The chief facts with reference to the subject for which we are indebted to science are, first, that degrees of loudness are determined by the relative amplitude of vibrations. A string of a certain texture and length will produce a loud sound in the degree in which it is struck violently, and, therefore, caused to cover a greater space with its vibrations. The second fact is, that degrees of pitch are determined by the relative time of vibrations. A string shortened in length, and therefore vibrating more rapidly, will produce a higher tone. It is from this fact, that, by very simple experiments, the law

was discovered that harmonic tones are related to one another according to certain definite ratios.

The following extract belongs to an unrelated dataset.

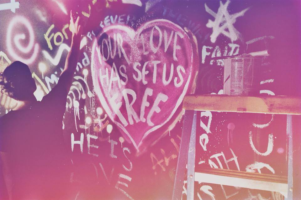 This was a little time consuming but very cost effective. They used a few neon paints and a few blacklight paints but mostly just bright colored spray paints. For the text, they just used paintbrushes and for the graffiti art they used spray paint. They were able to do this in one night (it did take several hours) and spent about $50-70 on materials. This was also a good way to get creative people involved in their ministry. They thought up a few main pieces (the heart, the Brave, the radio tower) and the rest was filling in the gaps with scriptures and song lyrics.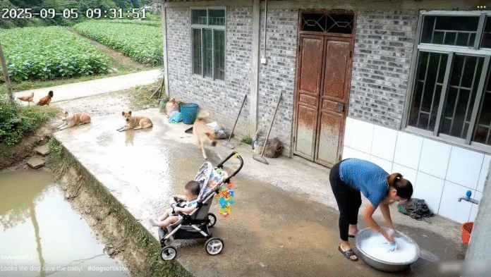 Dana 5. septembra 2025. godine, jedno jutro u ruralnom selu pretvorilo se u prizor čiste drame i herojstva. Na prvi pogled – običan trenutak iz svakodnevice: majka zauzeta pranjem veša, dijete u kolicima, nekoliko pasa koji leže na suncu, i mirna priroda oko njih. Međutim, iza te naizgled idilične slike, odvila se scena koja je mogla završiti tragedijom – da nije bilo jednog izuzetnog psa.

After physicists had proved that degrees of loudness in sound are determined by the amplitude of vibrations, and degrees of pitch by the time of vibrations, they felt that nothing was left to determine the quality of sounds except the forms of vibrations. It was natural to suppose, too, that the waves of sound produced by strings, or by wind-instruments,-a trumpet, or a human throat, for instance, deviated as they are from a straight course by a number of curves and angles,-must necessarily be more or less compound, and, being so, must differ in form for different kinds of instruments. Considerations of this sort caused investigations to be made into the forms of vibrations; and by means of very ingenious expedients,-by magnifying, for example, the vibrations of a cord or pipe, and making them visible, through using an intense ray of light to throw an image of them upon a canvas in a darkened room,—the forms assumed by the vibrations caused by many of the ordinary musical instruments have been accurately ascertained. These forms have been resolved, according to well-known mathematical principles, into their constituent elements. For instance, if the form of vibration be as in the first of these examples, it may be resolved into the forms that are in the second.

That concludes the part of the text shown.